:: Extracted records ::
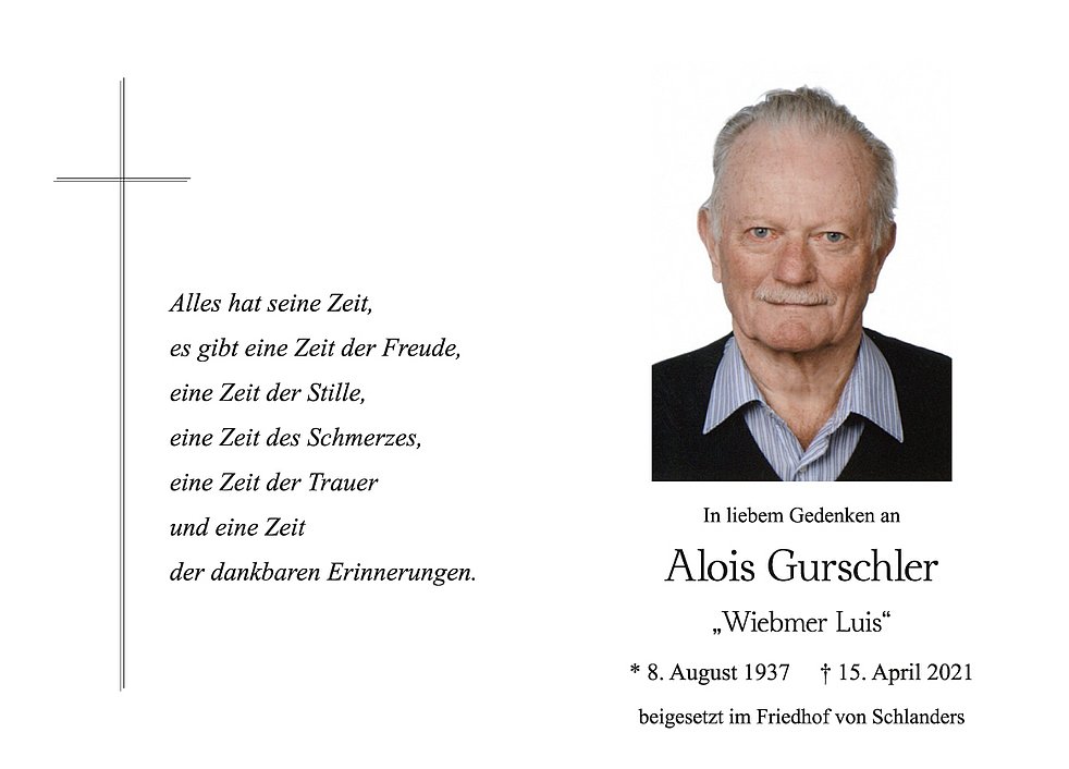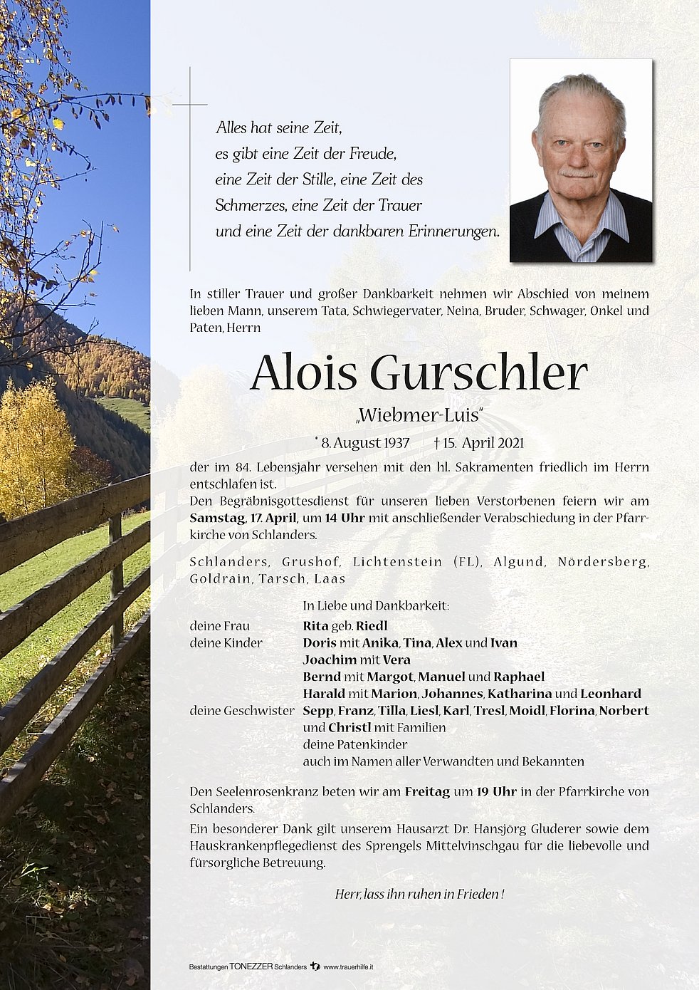 Den Begräbnisgottesdienst für unseren lieben Verstorbenen feiern wir am Samstag, 17. April, um 14 Uhr mit anschließender Verabschiedung in der Pfarrkirche von Schlanders.
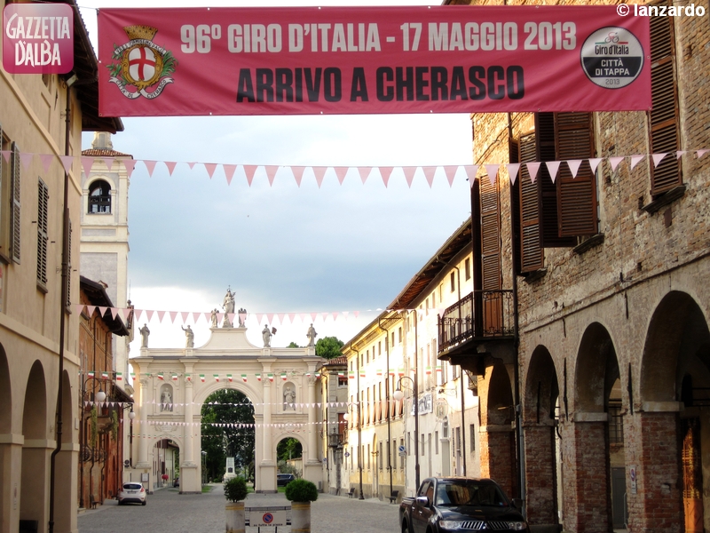 I colori, o meglio il colore rosa, adorna già il centro storico di Cherasco. Diverse famiglie hanno deciso di partecipare al concorso Balconi in rosa indetto dal locale comitato tappa, cimentandosi in vere e proprie opere d’arte. In piazza del Municipio troneggia invece la mega-bici del gruppo Piumatti-Bra servizi, tra gli sponsor principali di questa sede di tappa.
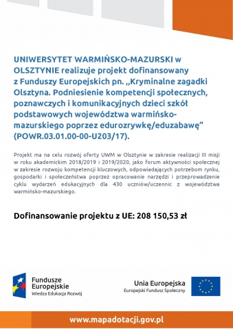 Projekt „Kryminalne zagadki Olsztyna. Podniesienie kompetencji społecznych, poznawczych i komunikacyjnych dzieci szkół podstawowych województwa warmińsko-mazurskiego poprzez edurozrywkę/eduzabawę” (POWR.03.01.00-00-U203/17), realizowany przez Uniwersytet Warmińsko-Mazurski w Olsztynie, współfinansowany ze środków Unii Europejskiej w ramach Europejskiego Funduszu Społecznego.
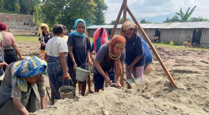 Di bawah terik matahari, warga dan prajurit TNI bahu-membahu mempercepat pembangunan sekolah. Bagi masyarakat Lanaus, TMMD bukan sekadar pembangunan fisik, tetapi juga harapan bagi masa depan anak-anak mereka agar dapat mengenyam pendidikan yang lebih layak.
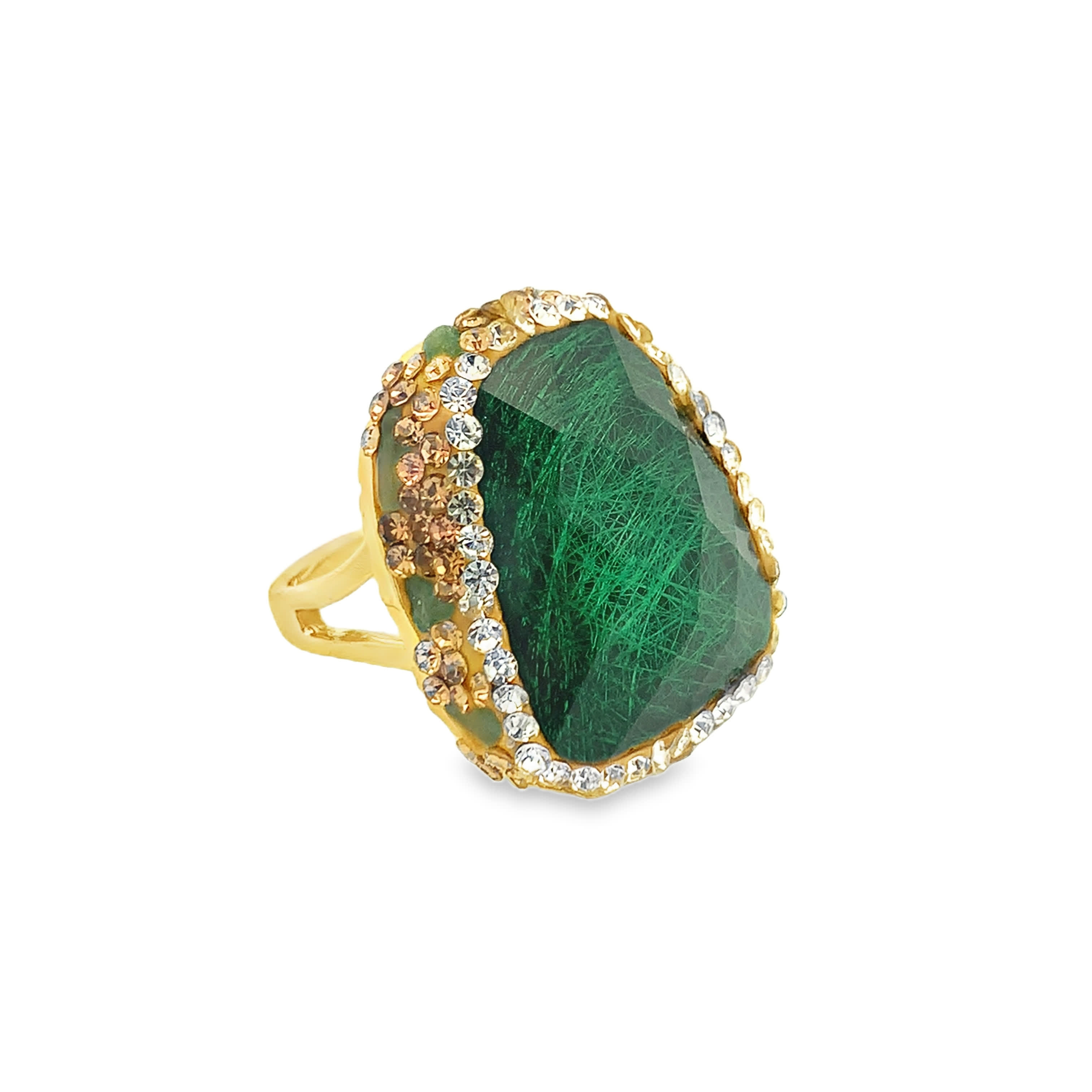 Statement Crystal Cocktail Ring in Yellow Gold Toned Setting
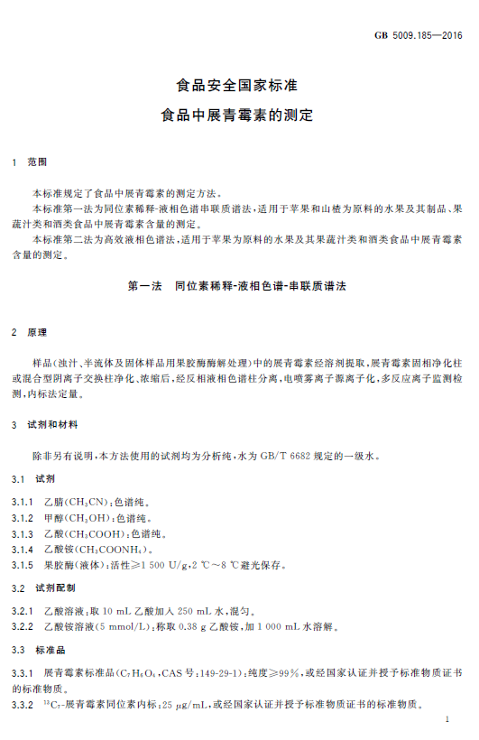 GB 5009.185-2016 食品安全国家标准 食品中展青霉素的测定
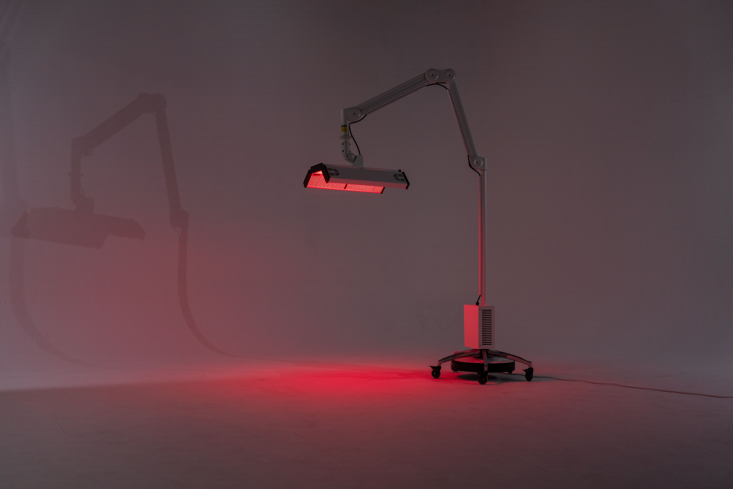 The ApolloARC has been engineered to deliver exceptional full-body therapeutic performance through one of the industry's most powerful red light systems. Designed for seamless integration into high-end wellness and recovery spaces, it fits easily through any standard 32-inch opening and plugs into a standard three-prong outlet, simplifying installation without sacrificing sophistication. Its panel measures 20 inches in length by 24 inches in width and only 2 inches in depth, mounted on an adjustable arm extending up to 60 inches in length and 66 inches in height, with a total machine weight of 141 pounds. Operating with a 110 VAC power input and 24 VDC output at 34 amps, the ApolloARC harnesses 2,324 medical-grade diodes—2,016 red and 308 infrared—delivering wavelength precision within the optimal therapeutic range of red light at 635nm and infrared at 805nm. With an impressive irradiance of 150 mW/cm² (measured from the polycarbonate surface, ±10 mW/cm²), it outperforms leading systems on the market, whose average output hovers around 51 mW/cm². This exceptional power density allows for deeper tissue penetration, accelerated cellular regeneration, and more effective recovery sessions, positioning the ApolloARC as one of the most advanced and efficient red light solutions available today.
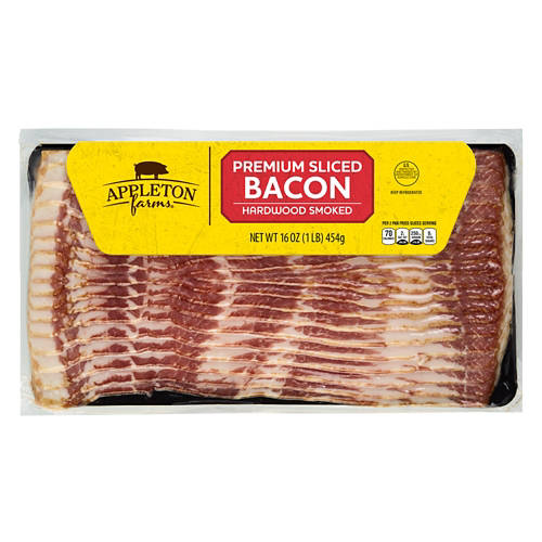 Shop for our 1 pound package of Appleton Farm Premium Sliced Bacon and discover the flavorful, salty and sizzling taste today. Bacon is traditionally a breakfast favorite, but can be added to salads, sandwiches, baked potatoes, and more. Get delicious bacon at affordable prices when you shop at ALDI.
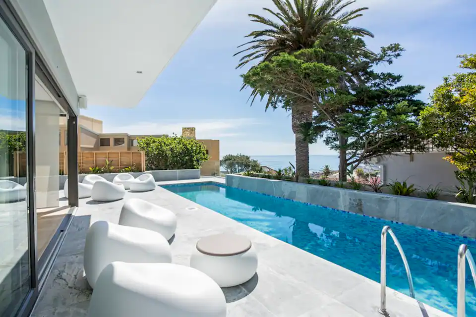 Amara Villa is an impressive open plan home away from home consisting of three levels with seven large en-suite bedrooms, a tropical private garden with a 12×3 pool and a 3x3m top-level pool with sit out area overlooking the ocean. This fully fitted Italian-style designer kitchen is open plan with a dining room and lounge. The dining area opens onto the pool and intertwining area with magnificent views of the Twelve Apostles mountains and lions head. There are two vast balconies for entertaining or lounging after a day on the beach or sightseeing. A fantastic rooftop pool area for watching the sunset. The villa comes with a wine bar that is stocked with the owner's personal wines. A houseman doubles up as a driver. This villa is just moments away from Camps bay beach.
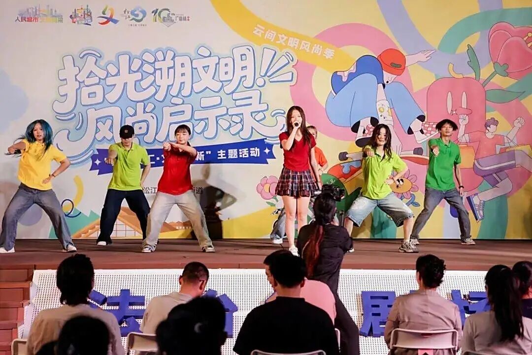 以资源下沉丰富精神生活。围绕文化传承、文明实践、民生服务、科普教育等领域,让文明融入日常场景。“云间可采莲 —— 上海之根深度之旅” 带市民溯源千年文脉;“读不止”书局化身文明驿站,让墨香与书香萦绕日常;“云间绿舟”新时代文明实践项目“人宠瑜伽行”,用趣味宣讲、互动游戏传递 “文明养宠、共享美好” 理念;“松江区全民数字素养与技能提升体验日”助力市民提升数字技能;方松街道草地音乐 SHOW 凝聚社区温情;永丰街道慈善文化集市将爱心义卖与文明宣传结合。
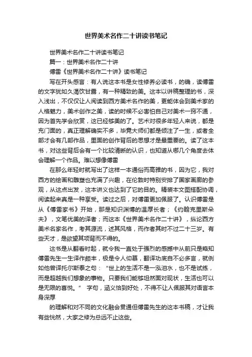 世界美术名作二十讲读书笔记世界美术名作二十讲读书笔记篇一:世界美术名作二十讲傅雷《世界美术名作二十讲》读书笔记写在开头感言:有人说这本书是女性修养必读书,的确,读傅雷的文字犹如久渴饮甘露,有一种精致的美。
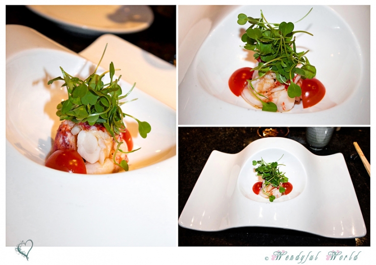 Third course was Lobster Salad (Chile Garlic, Grape Seed Oil Vinegar, Lemon Dressing). Oh my goodness! The lobster chunks were so delicious. The light tartness in the dressing (very minimum) really enhanced the sweetness of the lobster.
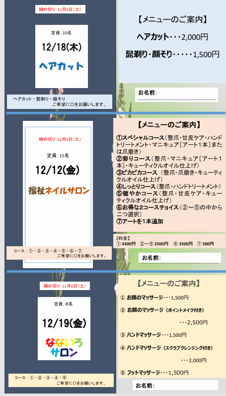 12月ヘアカット・ネイル・サロン開催のお知らせ

:: TASK TO COMPLETE ::
Give back the records above word for word, minus any image they hold.

:: SOLUTION TO THIS PROBLEM ::
 Den Begräbnisgottesdienst für unseren lieben Verstorbenen feiern wir am Samstag, 17. April, um 14 Uhr mit anschließender Verabschiedung in der Pfarrkirche von Schlanders.
 I colori, o meglio il colore rosa, adorna già il centro storico di Cherasco. Diverse famiglie hanno deciso di partecipare al concorso Balconi in rosa indetto dal locale comitato tappa, cimentandosi in vere e proprie opere d’arte. In piazza del Municipio troneggia invece la mega-bici del gruppo Piumatti-Bra servizi, tra gli sponsor principali di questa sede di tappa.
 Projekt „Kryminalne zagadki Olsztyna. Podniesienie kompetencji społecznych, poznawczych i komunikacyjnych dzieci szkół podstawowych województwa warmińsko-mazurskiego poprzez edurozrywkę/eduzabawę” (POWR.03.01.00-00-U203/17), realizowany przez Uniwersytet Warmińsko-Mazurski w Olsztynie, współfinansowany ze środków Unii Europejskiej w ramach Europejskiego Funduszu Społecznego.
 Di bawah terik matahari, warga dan prajurit TNI bahu-membahu mempercepat pembangunan sekolah. Bagi masyarakat Lanaus, TMMD bukan sekadar pembangunan fisik, tetapi juga harapan bagi masa depan anak-anak mereka agar dapat mengenyam pendidikan yang lebih layak.
 Statement Crystal Cocktail Ring in Yellow Gold Toned Setting
 GB 5009.185-2016 食品安全国家标准 食品中展青霉素的测定
 The ApolloARC has been engineered to deliver exceptional full-body therapeutic performance through one of the industry's most powerful red light systems. Designed for seamless integration into high-end wellness and recovery spaces, it fits easily through any standard 32-inch opening and plugs into a standard three-prong outlet, simplifying installation without sacrificing sophistication. Its panel measures 20 inches in length by 24 inches in width and only 2 inches in depth, mounted on an adjustable arm extending up to 60 inches in length and 66 inches in height, with a total machine weight of 141 pounds. Operating with a 110 VAC power input and 24 VDC output at 34 amps, the ApolloARC harnesses 2,324 medical-grade diodes—2,016 red and 308 infrared—delivering wavelength precision within the optimal therapeutic range of red light at 635nm and infrared at 805nm. With an impressive irradiance of 150 mW/cm² (measured from the polycarbonate surface, ±10 mW/cm²), it outperforms leading systems on the market, whose average output hovers around 51 mW/cm². This exceptional power density allows for deeper tissue penetration, accelerated cellular regeneration, and more effective recovery sessions, positioning the ApolloARC as one of the most advanced and efficient red light solutions available today.
 Shop for our 1 pound package of Appleton Farm Premium Sliced Bacon and discover the flavorful, salty and sizzling taste today. Bacon is traditionally a breakfast favorite, but can be added to salads, sandwiches, baked potatoes, and more. Get delicious bacon at affordable prices when you shop at ALDI.
 Amara Villa is an impressive open plan home away from home consisting of three levels with seven large en-suite bedrooms, a tropical private garden with a 12×3 pool and a 3x3m top-level pool with sit out area overlooking the ocean. This fully fitted Italian-style designer kitchen is open plan with a dining room and lounge. The dining area opens onto the pool and intertwining area with magnificent views of the Twelve Apostles mountains and lions head. There are two vast balconies for entertaining or lounging after a day on the beach or sightseeing. A fantastic rooftop pool area for watching the sunset. The villa comes with a wine bar that is stocked with the owner's personal wines. A houseman doubles up as a driver. This villa is just moments away from Camps bay beach.
 以资源下沉丰富精神生活。围绕文化传承、文明实践、民生服务、科普教育等领域,让文明融入日常场景。“云间可采莲 —— 上海之根深度之旅” 带市民溯源千年文脉;“读不止”书局化身文明驿站,让墨香与书香萦绕日常;“云间绿舟”新时代文明实践项目“人宠瑜伽行”,用趣味宣讲、互动游戏传递 “文明养宠、共享美好” 理念;“松江区全民数字素养与技能提升体验日”助力市民提升数字技能;方松街道草地音乐 SHOW 凝聚社区温情;永丰街道慈善文化集市将爱心义卖与文明宣传结合。
 世界美术名作二十讲读书笔记世界美术名作二十讲读书笔记篇一:世界美术名作二十讲傅雷《世界美术名作二十讲》读书笔记写在开头感言:有人说这本书是女性修养必读书,的确,读傅雷的文字犹如久渴饮甘露,有一种精致的美。
 Third course was Lobster Salad (Chile Garlic, Grape Seed Oil Vinegar, Lemon Dressing). Oh my goodness! The lobster chunks were so delicious. The light tartness in the dressing (very minimum) really enhanced the sweetness of the lobster.
 12月ヘアカット・ネイル・サロン開催のお知らせ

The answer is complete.